I had a question last week from Bozo Popovic ↗ during our EMEA field SE training session on vSAN operations relating to SPBM support for service providers that use vCloud Director in their environments.
Next up Mr. @mylesagray giving a #vSAN operations overview to our EMEA field at the @vmwarevsan workshop this morning pic.twitter.com/48seQc8i7d
— Cormac Hogan (@CormacJHogan) November 30, 2017
I am stating this for clarity - since the vCD 9.0 release we have supported native SPBM compatibility for vCloud Director.
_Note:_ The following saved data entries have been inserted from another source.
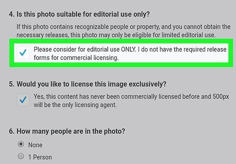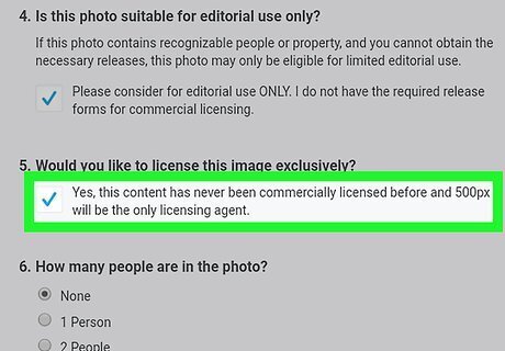 Choose whether to give exclusive rights to 500px. Make sure you know the difference between Exclusive and Non-exclusive rights before you set your preference: Exclusive use: If you’ve never licensed this image for commercial use, you can offer exclusive licensing to 500px to make 60% of all sales. However, this means you can’t offer the photo for sale anywhere but 500px. Check the box under Step 5 to agree to these terms. Non-exclusive use: If the photo has been licensed or you plan to license it elsewhere, do not check the box. You will still earn 30% of net sales with a non-exclusive license.
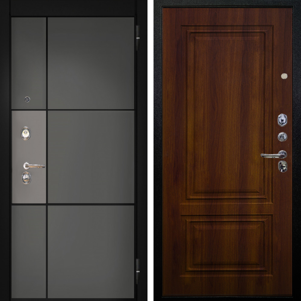 Входная дверь Termo-Door с утеплением: внешняя отделка Роял Графит, внутренняя отделка Лион Grey софт.Толщина полотна 100 мм., цилиндровый замок, доставка и установка в Москве и МО, гарантия 1 год.
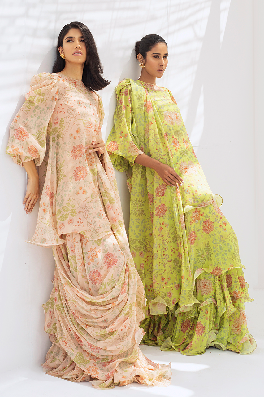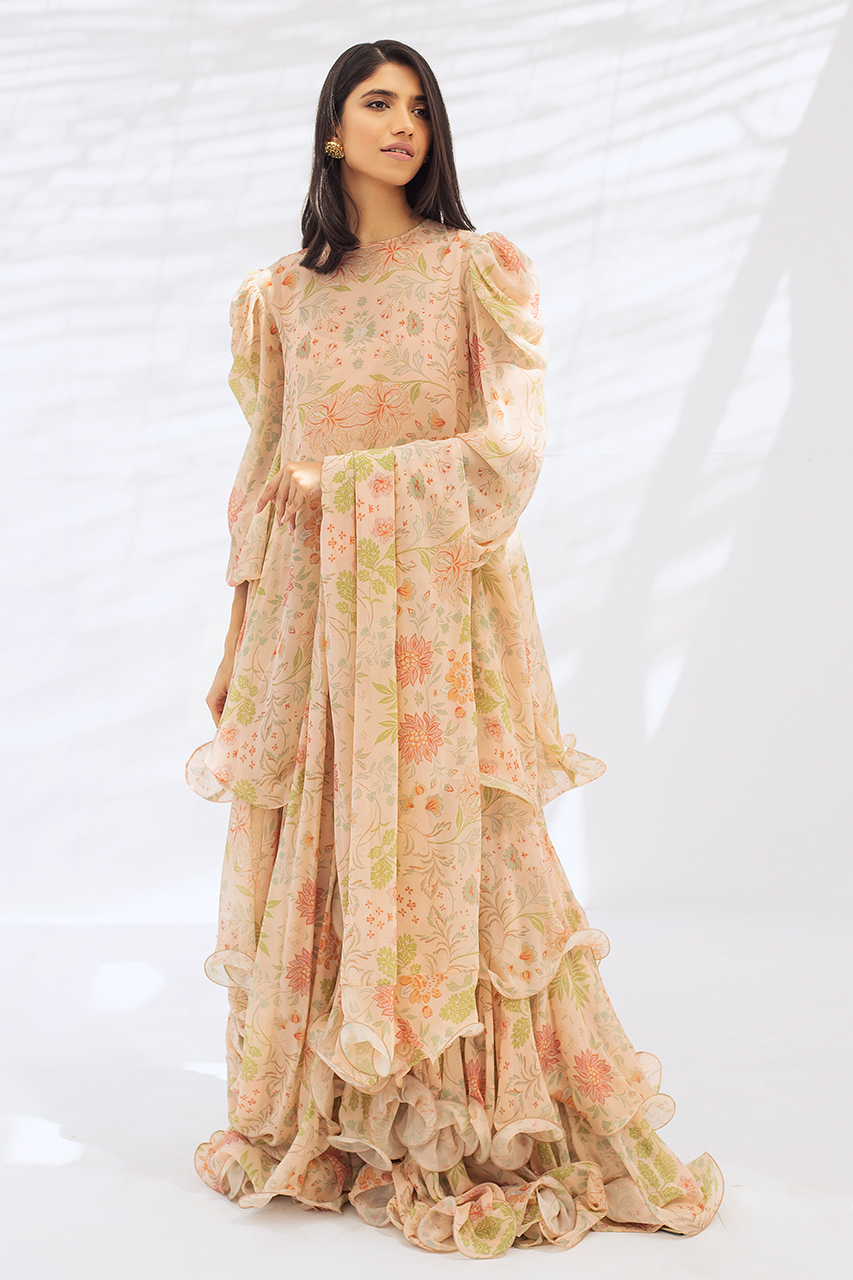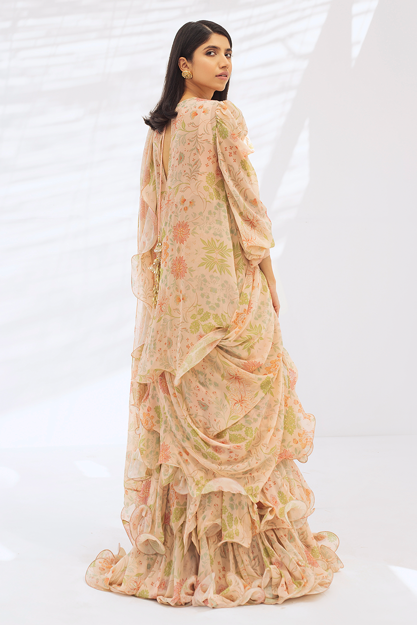 This peach floral printed georgette ruffled top and ruffled lehnga oozes drama and sophistication. It is paired with a matching draped dupatta.

SPBM policies can be adopted into vCD and assigned to PVDCs and to tenants via Org VDCs.
Within vCenter you create your SPBM policies as normal, you can see in my lab I have two vSAN policies: vSAN Default Storage Policy
and vSAN High Throughput
.
Moving to vCloud Director then, navigate to Manage & Monitor -> vSphere Resources -> Storage Policies
and you will see your SPBM policies available listed here.
This is an obvious departure from the previous architecture of vCD datastores where tags were assigned to datastores and objects were placed directly on to them, as vSAN is a single datastore vCD required the awareness that objects on the same datastore could have different storage policies.
To assign resources to a PVDC in order to allow tenants access to the resource you need to navigate to Manage & Monitor -> Cloud Resources -> Provider VDCs -> {Your PVDC} -> Storage Policies
.
From here you click on the green +
icon and select the relevant SPBM policy available in vCenter to have it utilised by the Provider VDC. You can now allocate this SPBM policy to the tenant Org VDCs that are children of the Provider VDC. Again, navigate to the Org VDC and go to the Storage Policies
tab and click the green +
icon to move a policy into the Org VDC for consumption by the tenant.
At this point the tenant can configure VMs with disparate SPBM policies for individual disks/the whole VM if they wish, during their provisioning cycle, or retrospectively change policies via the VM properties window in vCloud Director.
This includes changing from a traditional tag-based datastore to a vSAN based SPBM policy, which will automatically kick off a Storage vMotion in the background for that resource.